The issue is how to handle the ambiguity it introduces; Django has punted
on the problem because what you're describing is an edge case with some
ambiguity, and there are ways to work around the problem.
The problem with datetime.time is that time objects *can't* have a timezone
-- at least, not reliably. For example - If your timezone is EST, and the
time is 10:00 UTC - what time is it in EST? You can't answer that question
reliably because it might be 0500, or it might be 0600, depending on the
date. Although common vernacular often describes the timezone as EST and
EDT, there's actually only one timezone, and part of that timezone
definition is the rules for switching for switching forward and back the
extra hour. Without a date associated with the time, timezone calculations
are error-prone at best.
As a result, since the default usage of |time is on time objects, the
implementation of the time filter doesn't support the use of the T format
specifier.
However, you *can* use exclusively time-related format specifiers in the
date filter; for example:
{{ mydatetime|date:"g:i a T" }}
will work and give you the output you expect, and if you set
DATETIME_FORMAT to "g:i A T", you'll get all datetimes displayed in the
format you describe. The problem is that *all* datetimes will be displayed
like that by default, and you won't ever see the actual date printed.
So - short term, the fix is to use an explicit format string wherever you
want this behaviour. Yes, it's annoying that you can't just set a default,
but it works. Defining a custom filter that implements the default could be
done in about 5 lines of code (including tag registration) if the
repetition of the format string bugs you enough. You can even call that
filter |time if you want - Django's template engine takes the 'newest' tag
registration as the canonical one, so you can overwrite system-provided
tags.
Longer term, I can see that there is something we could address - the
question is how.
What you've described is the ability to set TIME_FORMAT to a value that
won't be valid for the default case (using time objects on the time
filter), so we'd need to come up with an interpretation for how to ignore T
(and any other timezone-sensitive format values) when it can't be used. I'm
not sure how I feel about ignoring formatters as an approach -- my gut
reaction is that it's a bad idea, but I can see how it *might* work.

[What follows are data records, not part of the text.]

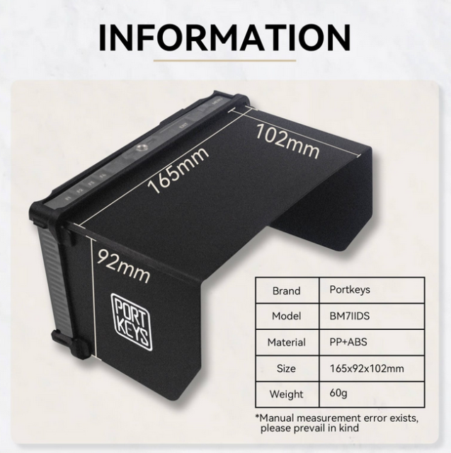 The Portkeys BM7IIDS is a lightweight, foldable sunshade designed specifically for the BM7 II DS monitor, crafted from durable PP+ABS material and weighing just 60g with dimensions of 165x92x102mm, providing effective glare reduction in bright shooting environments while maintaining portability and easy attachment…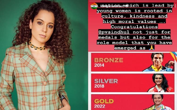 कंगना ने 2014 (कांस्य पदक), 2018 (रजत पदक), और नवीनतम (स्वर्ण पदक) में सिंधु की तस्वीरें साझा कीं. कंगना ने लिखा, “युवा महिलाओं के नेतृत्व में एक राष्ट्र संस्कृति, दया और उच्च नैतिक मूल्यों में निहित है. पीवी सिंधु को न केवल पदकों के लिए बल्कि उस रोल मॉडल के लिए भी बधाई, जो आप बनकर उभरी हैं.”
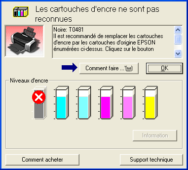 Quand il n'y a presque plus d'encre ou que la cartouche est épuisée, un bouton Comment faire apparaît. Cliquez sur Comment faire. L'utilitaire EPSON StatusMonitor vous guidera pas à pas tout au long de la procédure de remplacement de la cartouche.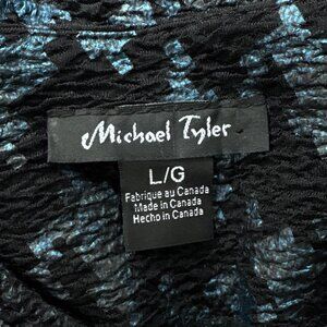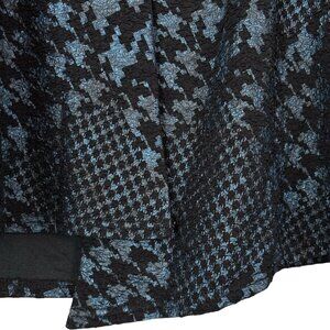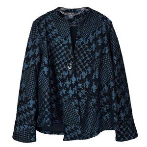 Michael Tyler Patchwork Houndstooth Button Scrunch Knit Jacket Blue Black Size L

Another approach might be to make |time call on the |date format - however,
this means you would need to set DATETIME_FORMAT
A third approach would be a new setting, for AWARE_TIME_FORMAT that would
only get used if you pass a datetime object to |time; this *would* be able
to use T as an option. However, this means introducing a new setting, which
is rarely a good answer to a problem.
If you've got any other ideas, I'd be interested in hearing them. Either
way, this is worth a ticket so that the idea/problem isn't forgotten.